Thursday, October 4, 2018

September 30, The Last Day of Brook Trout Season

On our way to the beaver dam.

We take our Red and Sugar Maples for granted up here.  We shouldn't.  Tourists travel hundreds of miles to see them.

Looks like a portal to a Japanese Temple.  It isn't.

It's too bad that this only lasts several weeks.  It's not hard to get used to cool weather, gorgeous scenery and no biting insects.  The woods are very pleasant in autumn.

Ground pine.

Sometime when you're in no hurry and able to be unproductive without feeling guilty, get down and take a close look at a bed of moss and imagine that you are very small and the moss is a forest.  It is an amazing and beautiful world in miniature.

This summer I caught several frying panfulls of brook trout from this beaver dam, and was hoping for one more good meal.  Crisp-fried brook trout are one of the finest delicacies you can ever enjoy.  My father regarded anything other than brook trout and steelhead as trash fish.  I grew up on brook trout, for my father brought home a creel full of brookies at least once a week during the summer.  The concept of catch-and-release, had he ever considered it, would have been as absurd to him as eating soup with a fork.

Brook trout and beaver dams are synonymous.  A small creek can only support a few small fish, but when beavers dam it the trout population will explode.  These dams usually last only a few years.  Once their food supply diminishes, the beavers move on, the dam falls in disrepair,  the pond silts in, and the brook trout diminish or even worse, are replaced by chubs.  A big part of brook trout fishing is exploring creeks for new dams.   I think my father spent as much exploring as he did fishing.
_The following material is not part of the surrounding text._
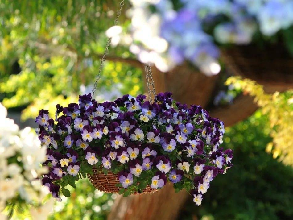 Виола прекрасно демонстрирует, что такое ампельные цветы
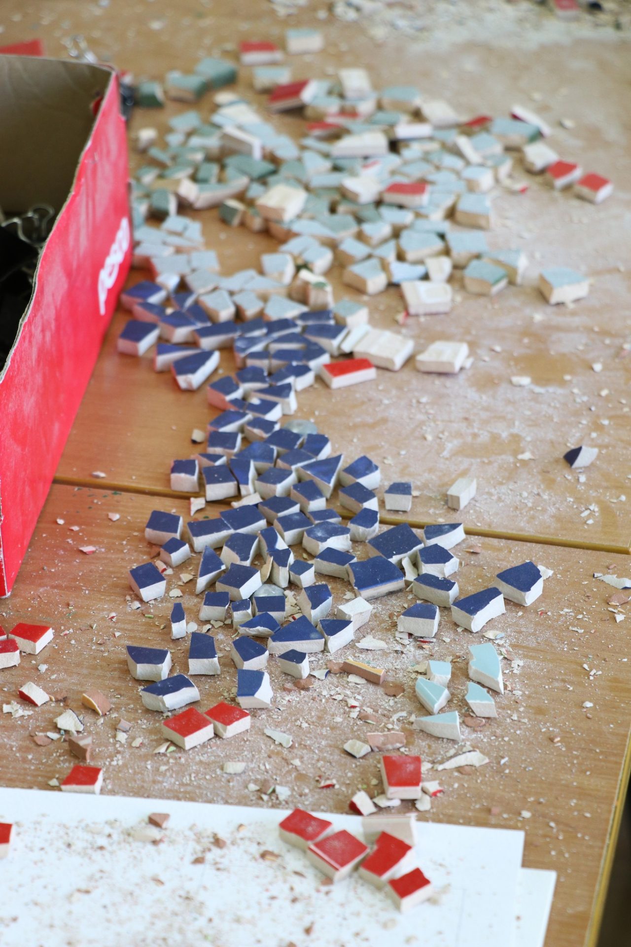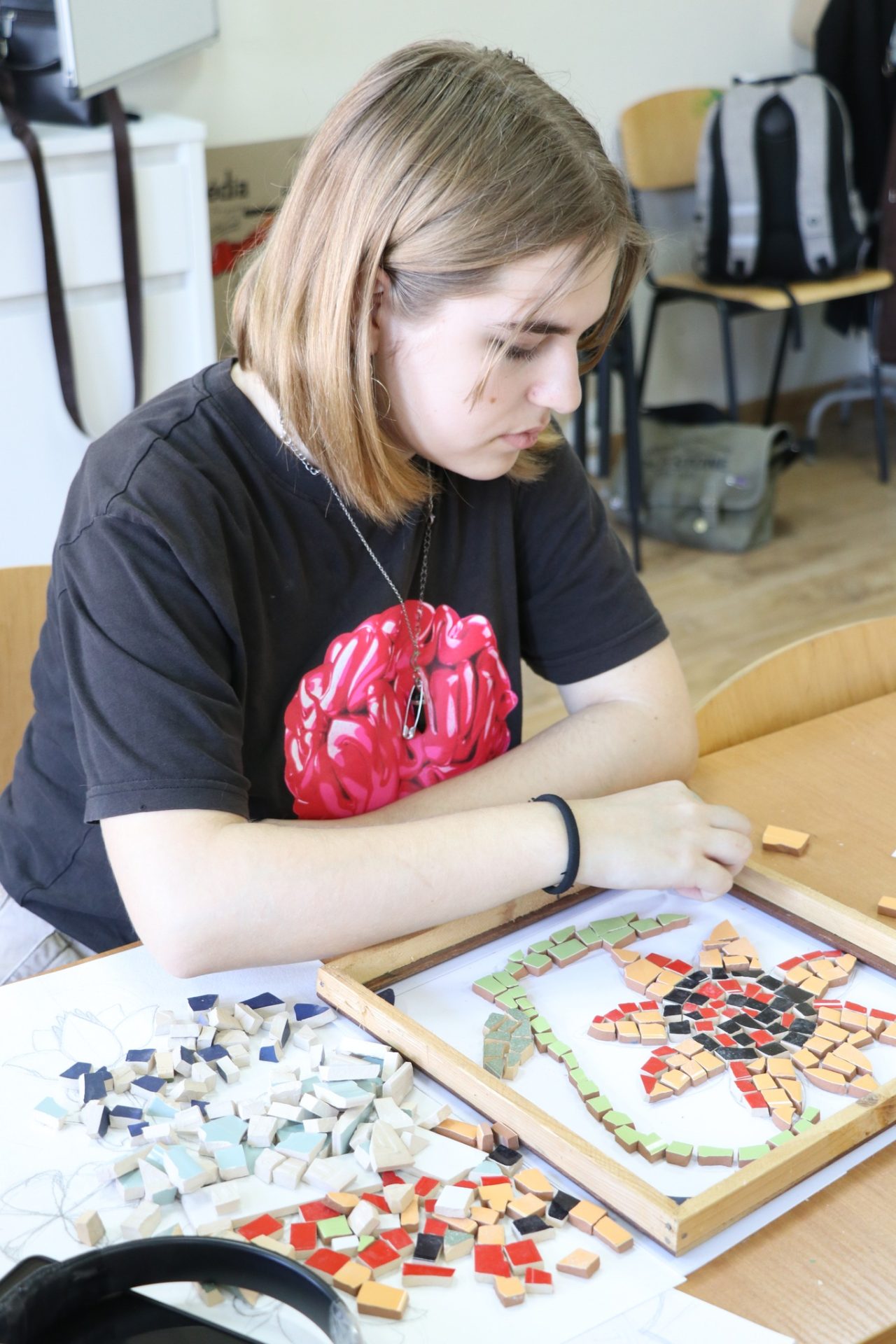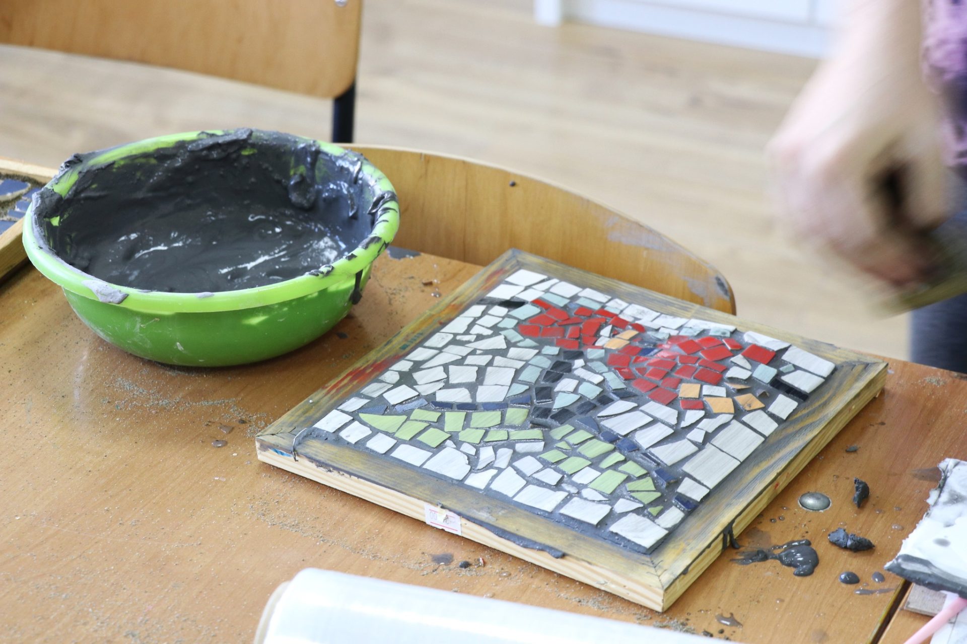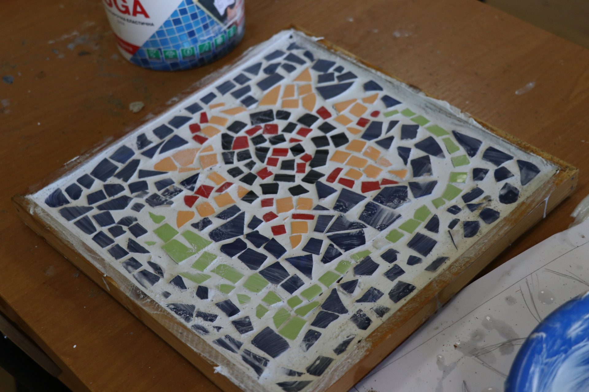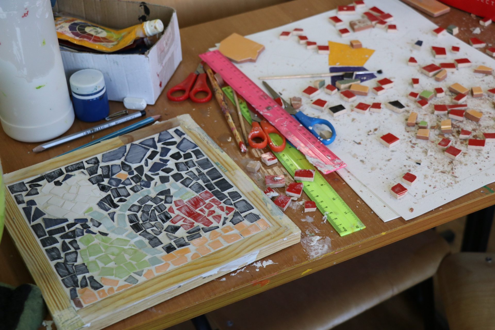 “Мозаїка” – це вид мистецтва, в якому розташовуються дрібні фрагменти для створення більшого зображення або візерунка. Для цієї мети ми обрали керамічні плитки різних кольорів. Незважаючи на те, що це була трудомістка робота, ми насолоджувалися кожною хвилиною.

Brook trout and beaver dams were the primary male conversation topics whenever the extended family would gather. The men would typically gather in the living room while the women remained in the kitchen,  and the discussion would begin with a  question like, "Did you find any new beaver dams last summer?"  My father's two brother-in-laws, John and Arvid, were also brook trout purists, so you never heard words like pike, walleye or  bass in these gatherings.  Anything with scales or spines rated about as low as carp or suckers.


For better or worse, I have inherited my father's prejudices toward other fish.  You will never find me in a bass tournament.

Unfortunately the fish were not biting and this little brookie was the only thing I caught.  I was not very surprised.  Brook trout bite best in the evening, and the biggest ones just as it is getting dark.  This day was too bright and sunny.
 
My father left me several boxes of wet flies, many tied by his brother Hugo.  I often think of them when I am fishing.  My father was a hard worker, but he always made time for fishing.

Time to try a new spot.

No luck from here either.  The dam was in disrepair, a sure sign that the beavers have left.




We walked downstream to another old beaver dam.  The beavers had not rebuilt this one either.  We headed downstream again.

Eureka!  When I saw this standing water among these trees I immediately knew what I would find, a newly-built beaver dam.


 Marja is standing on the beaver hut, a structure made of mud and sticks with an underwater entrance.  The beavers will live in it through the winter and go out to feed  on their cache of cut branches piled on the underwater near the hut.

The dam itself.
Stumps of small trees cut by the beavers.
The heavy brush made fly fishing impossible, but once the beavers harvest more of this it will open up.
The important thing is that the beavers are here now.  If they remain this dam will produce fish.   I have something to look forward to, which makes this last day of the season a marked success.



Red maples, also called soft maple, are some of the first trees to change color.

Tundra swans taking off from a wastewater treatment pond.  These ponds afford excellent resting places for migrating waterfowl.  Unfortunately these birds were just being shot at by a couple of young trigger happy boys wearing orange hunting vests.

Happily neither bird was hit.  I hollered at the boys and they took off running.  Hopefully they have given some thought about their actions.